_WHAT YOU ARE ASKED TO DO:_
All lines from the one that contains "It is made out" to the end of the data must be retyped exactly. Pictures are not retyped.
#### DATASET EXCERPT
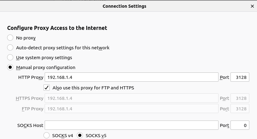 A new window will open up. In “Configure Proxy Access to the Internet” section select “Manual proxy configuration”. The text box labelled as “HTTP Proxy” but the Squid proxy server’s IP address. The in-text box labelled as Port, enter the port number you specified in “http_port” inside the squid.conf file.
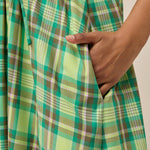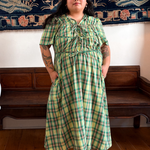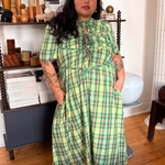 It is made out of a dead stock, cotton voile fabrication in a green, brown, yellow and pink woven plaid design.
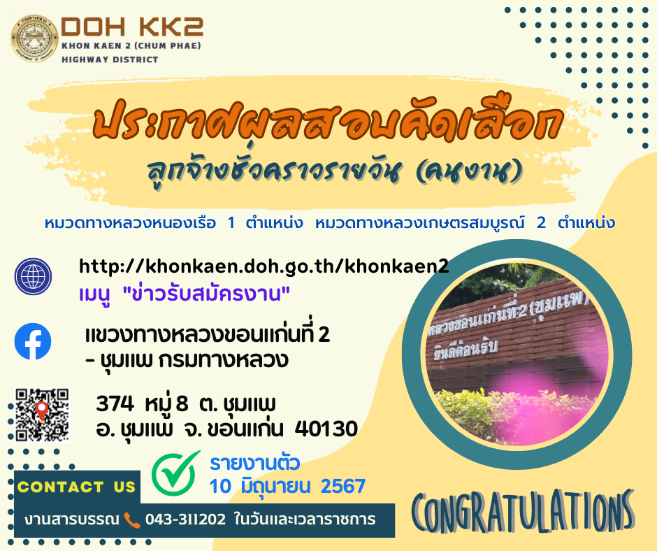 ตามที่แขวงทางหลวงขอนแก่นที่ ๒ (ชุมแพ) ได้ดำเนินการรับสมัครคัดเลือกลูกจ้างชั่วคราวรายวันตามประกาศที่รับสมัคร ลงวันที่ 27 พฤษภาคม 2567 เพื่อจ้างเป็นลูกจ้างชั่วคราวรายวัน ตำแหน่งคนงาน แขวงทางหลวงขอนแก่นที่ ๒ (ชุมแพ) นั้น บัดนี้ คณะกรรมการได้ดำเนินการประเมินสอบคัดเลือกเสร็จสิ้นแล้ว ในวันที่ 6 มิถุนายน 2567 จึงประกาศรายชื่อผู้ผ่านการคัดเลือกลูกจ้างชั่วคราวรายวัน ตามรายชื่อดังนี้ ทั้งนี้ บัญชีรายชื่อผู้สอบแข่งขันได้ใช้ได้ไม่เกิน 1 ปี นับตั้งแต่วันขึ้นบัญชี แต่ถ้ามีการแข่งขันใน ตำแหน่งเดียวกันนี้อีกและได้ขึ้นบัญชีผู้สอบแข่งขันได้ใหม่แล้ว บัญชีผู้สอบแข่งขันได้ครั้งนี้เป็นอันยกเลิก
########
_EXERCISE RESULT:_
 It is made out of a dead stock, cotton voile fabrication in a green, brown, yellow and pink woven plaid design.
 ตามที่แขวงทางหลวงขอนแก่นที่ ๒ (ชุมแพ) ได้ดำเนินการรับสมัครคัดเลือกลูกจ้างชั่วคราวรายวันตามประกาศที่รับสมัคร ลงวันที่ 27 พฤษภาคม 2567 เพื่อจ้างเป็นลูกจ้างชั่วคราวรายวัน ตำแหน่งคนงาน แขวงทางหลวงขอนแก่นที่ ๒ (ชุมแพ) นั้น บัดนี้ คณะกรรมการได้ดำเนินการประเมินสอบคัดเลือกเสร็จสิ้นแล้ว ในวันที่ 6 มิถุนายน 2567 จึงประกาศรายชื่อผู้ผ่านการคัดเลือกลูกจ้างชั่วคราวรายวัน ตามรายชื่อดังนี้ ทั้งนี้ บัญชีรายชื่อผู้สอบแข่งขันได้ใช้ได้ไม่เกิน 1 ปี นับตั้งแต่วันขึ้นบัญชี แต่ถ้ามีการแข่งขันใน ตำแหน่งเดียวกันนี้อีกและได้ขึ้นบัญชีผู้สอบแข่งขันได้ใหม่แล้ว บัญชีผู้สอบแข่งขันได้ครั้งนี้เป็นอันยกเลิก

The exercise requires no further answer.